Here is a video of Terrence Deacon, someone who needs no introduction on this website, giving a talk at Irving K. Barber Learning Centre about his latest research into language evolution:
I personally think these ideas being circulated by Deacon are our best avenue for exploring how language evolved. At its core, his proposal is that the relaxation of selection pressures allows genetic control to be offloaded onto epigenetic processes. This in turn allows for a greater influence of social transmission due to development being open to experiential modification. Our capacity for language, then, is a story of how developmental and evolutionary dynamics interact. As a recent post over at Babel’s Dawn notes, this is basically a three-phase scenario:
- Standard primate brain in which midbrain areas (older parts of the brain) control vocal emotional communications.
- A duplication of a section of the genome leads to “relaxed selection” and extensive cross talk between many cerebral cortical systems (newer parts of the brain).
- “Unmasked selection” fixes new functional coordination and drives the brain’s anatomical reorganization.

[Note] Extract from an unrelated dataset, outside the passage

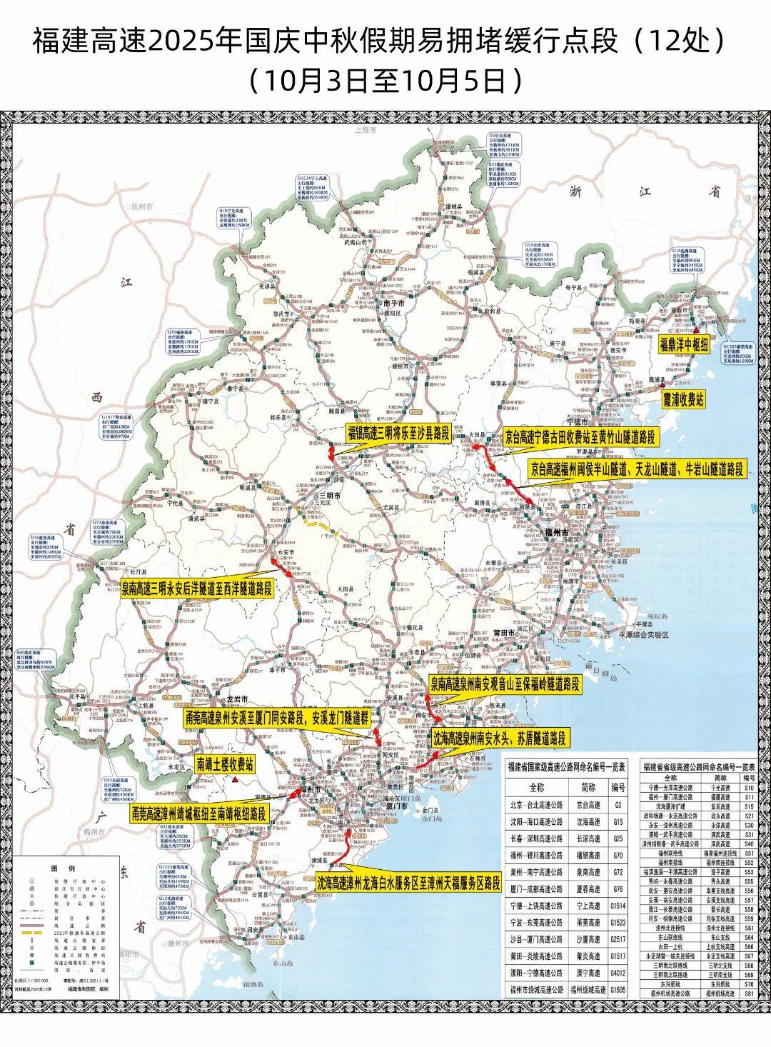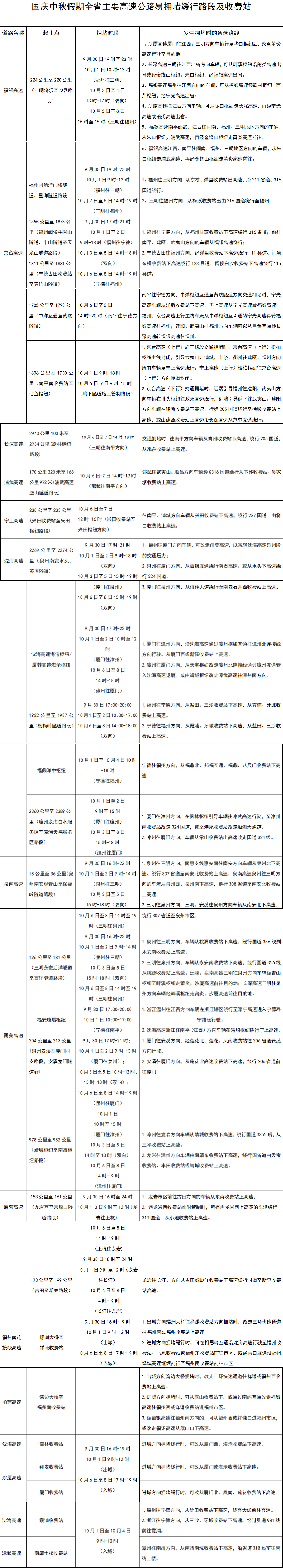 涉及7条高速、8个设区市共计17处路段,分别为沈海高速泉州南安(泉州往厦门)、厦门海沧枢纽(漳州往厦门)、漳州漳浦(漳州往厦门)、霞浦(宁德往浙江)段,泉南高速泉州南安(三明往泉州)、三明永安(泉州往三明)段,沙厦高速泉州德化(三明往泉州)段,福银高速福州闽清、三明将乐(三明往福州)段,京台高速福州闽侯、宁德古田(宁德往福州)、南平建阳(南平往福州)段,甬莞高速福州永泰至闽侯(莆田往福州)、泉州安溪至厦门同安(泉州往厦门)、漳州南靖(漳州往厦门),厦蓉高速龙岩上杭、新罗(入省方向)段。

The first aspect we need to appreciate is how Darwinian-like processes operate at the developmental-level. Deacon cites many instances, such as the fine-tuning of axonal connection patterns in the developing nervous system, where developmental processes are achieved through selection-like operations. Importantly, though, the logic differs from natural selection in one respect: “selection of this sort is confined to differential preservation only, not differential reproduction. In this respect, it is like one generation of the operation of natural selection”. The point he’s trying to get across is that these intraselection processes are taking place right across nature. Take, for instance, the genus Spalax (the blind mole rat): during development its thalamic visual nucleus is dominated by brainstem auditory and somatic projections. This is because the blind mole rat has vestigial eyes (hence the name), with projections from their small retinas being out-competed in favour of somatic and auditory functions. As Deacon notes in a recent paper (which I wrote about here):
Experimental manipulations in other species, in which projections from one sensory modality are reduced in early development, likewise exhibit analogous takeover effects, and manipulations of the sensory periphery likewise demonstrate that intraselection adapts neural functional topography with respect to functional experience.
Such developmental flexibility is crucial in that it provides a general mechanism for natural selection to recruit in brain evolution. And as such, it is almost certainly relevant to the evolution of our brain in relation to language. From this evodevo perspective, Deacon goes onto highlight how Darwinian processes characterising natural selection (replication, variation, and differential fitness) have analogous counterparts in intraorganismic processes (redundancy, degeneracy, and functional interdependencies):
First, they involve processes that produce functional integration and/or adaptation even though they are generated by mechanisms that are dissociated from this consequence. Second, they all involve the generation of redundant variant replicas of some prior form (gene, cell, connection, antibody, etc.) brought into interaction with each other and with an external context in a way that allows these differences to affect their subsequent distribution. And third, their preservation and expression are dependent on correlation with context.
According to Deacon, these parallels with evolutionary processes are generally distinguished through the level at which selection operates — and how these interactions generate functional redundancy. Specifically, he looks at three types of redundancy: (i) internal redundancy; (ii) external redundancy; and, (iii) global external redundancy. By appealing to the dedifferentiation and redistribution effects of relaxed selection, the tendency is to shift from an innate, localised function onto a more distributed array of systems.
That’s it for now. I’m sure I’ll come back to this at a later point.